# Where can I get a 54mm naked PF for DTP?



## JimBean1 (Apr 11, 2016)

I know there are several older posts kicking around about 54mm naked portafilters but ive not seen anything conclusive about how to get one. I don't have the capacity to do the manual change to a normal pf but i'm aware some people have done it.

So does anyone know either where I can get one or anyone who can make the change to a spare if I was to buy one?


----------



## benjbob (Apr 25, 2016)

When you know please let me know, at this rate im going to get a new one and mod it myself


----------



## holdtheonions (May 5, 2016)

All I can say is drilling one is a bear if you don't have the right bit. I used a diamond tipper I already had in the bin and easily took over an hour to work through it. But I didn't have to buy a new bit ;-)


----------



## benjbob (Apr 25, 2016)

@holdtheonions hi, so am i right in thinking that drill then bore round in a circle?


----------



## holdtheonions (May 5, 2016)

benjbob said:


> @holdtheonions hi, so am i right in thinking that drill then bore round in a circle?


Sorry, I used "bit" generically, I actually meant a diamond hole saw that I had used previously for drilling a hole in ceramic tile for a shower head. Cut through ceramic like butter, but cut through the steel portafilter like I was using a butter knife. That said, it did make it through...eventually, with plenty of grit left over, and they are far cheaper than carbide. Other thought, I don't know if a carbide tipped hole saw would get all the way through or not, so could get costly if need several to do the job, I don't know the answer.
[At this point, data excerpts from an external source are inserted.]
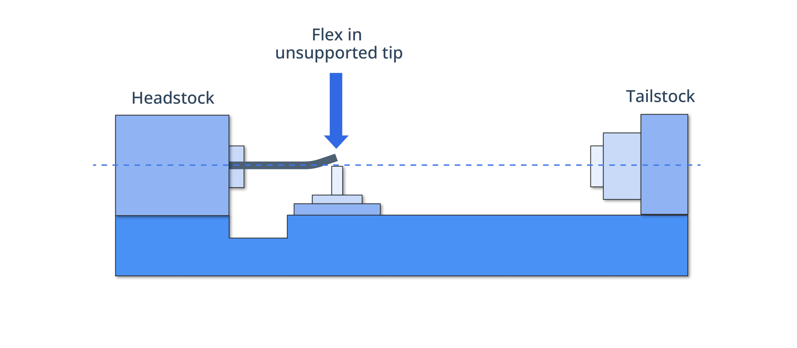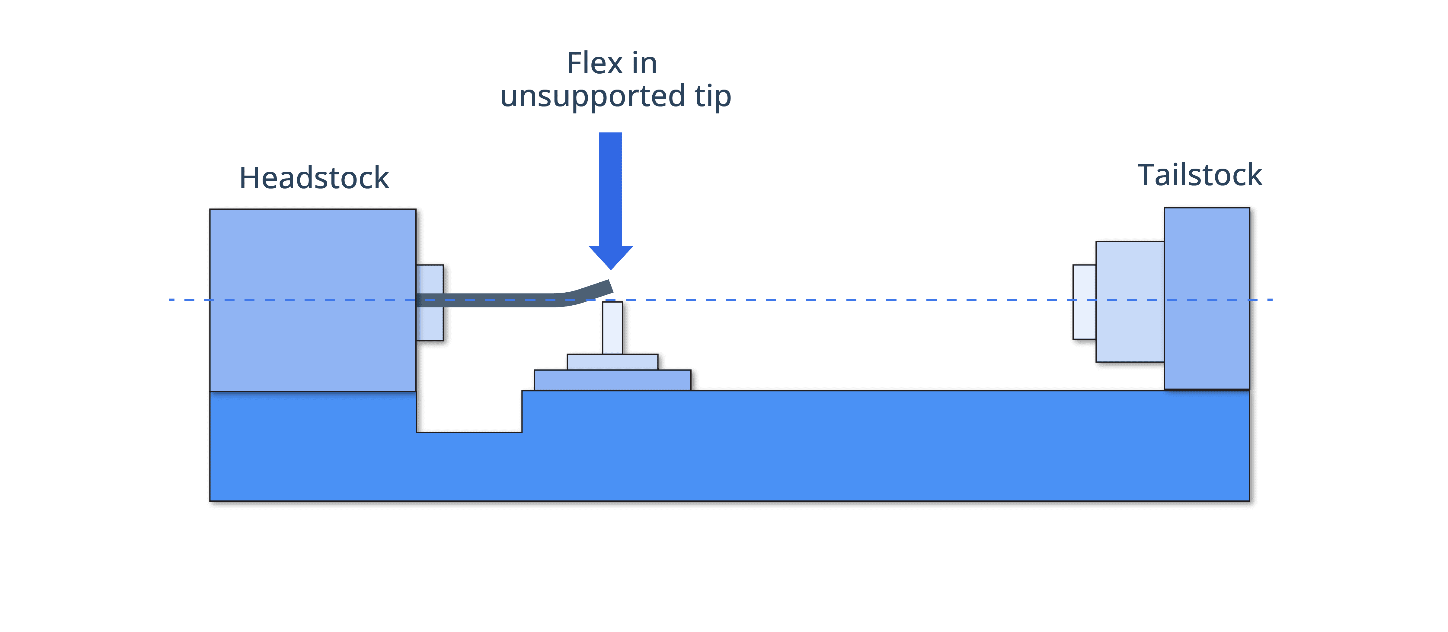In typical CNC lathe operations, the workpiece is secured in the headstock and supported by the tailstock. However, for certain tasks, the workpiece is only mounted in the headstock. In these cases, the material type and thickness determine the allowable length of the workpiece, as excessive length can cause flexing and potential issues.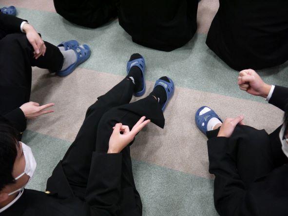 前半は各教室で練習をし、後半は1階に降りて、廊下を使って行いました。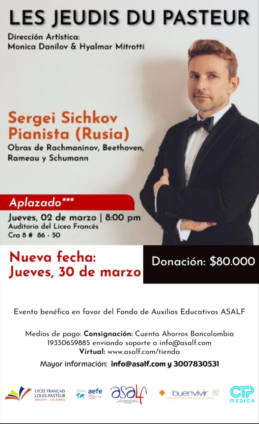 LES JEUDIS DU PASTEUR, presenta en concierto al reconocido pianista Sergei Sichkov, el Jueves 30 de Marzo, 8pm, en el auditorio del Liceo Francés (Cra 8 con 87).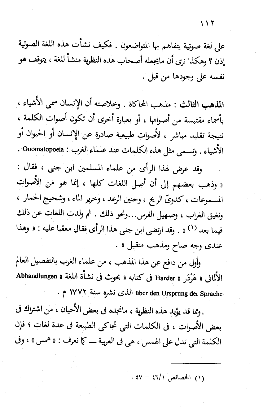 مذهب المحاكاة. وخلاصته أن الإنسان سمى الأشياء، بأسماء مقتبسة من أصواتها، أو بعبارة أخرى أن تكون أصوات الكلمة، نتيجة تقليد مباشر لأصوات طبيعية صادرة عن الإنسان أو الحيوان أو الأشياء، وتسمى مثل هذه الكلمات عند علماء الغرب: Onomatopoeia.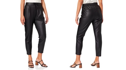 Los pantalones de cuero o efecto piel serán unos de los grandes triunfadores de la temporada otoño-invierno. Este modelo de Vero Moda conjuga ese material con un diseño sobrio y discreto que lo hace perfecto para incluir en los looks de oficina. De tiro alto y corte ligeramente suelto, disponen de una cintura elástica y un adorno en forma de lazo en la parte frontal. Con una largura hasta el tobillo, se pueden combinar con zapatos de tacón o planos y ofrecen múltiples opciones para crear distintos looks elegantes o informales en función de las necesidades.

Might be worthwhile to visit a machinist forum and get some feedback there before buying something, unless someone here can speak to it.

I think I understand what you are saying though, and honestly don't know if that would be easier or not. You might start by trying to drill a hole on the inside of the portafilter midway between the spout and wall and see how easy/difficult it is to drill with what you have, then go to plan B if too difficult. Added benefit being if you decide not to proceed further then the outside won't be monkeyed up.


----------



## ashcroc (Oct 28, 2016)

Might be worth checking out local machine shops for prices. Would be alot easier with a drill press or possibly even a lathe.


----------



## benjbob (Apr 25, 2016)

I may be able to find a cheap portable to give it a test







i have diamond tipped drill set for stainless so hmmmmm might have to just wait and see


----------



## jimbocz (Jun 5, 2015)

I can't wait for their to be enough DTPs out there that we start to get third party parts and accessories. Apart from a naked PF, I'd like to see a high quality tamper that is designed to fit in the holder just like the stock tamper.

I'd also like to see a drip tray that takes up the space currently occupied by the hidden bits and bobs tray. My drip tray is always filling up and then spilling yucky water into the hidden drawer and making a mess. I'd be happy to lose the hidden drawer and have a drip tray that's two or three times the size. It should be simple enough to make.


----------



## benjbob (Apr 25, 2016)

I would happily sacrifice that little tray at the back ha, maybe we should put it to the makers


----------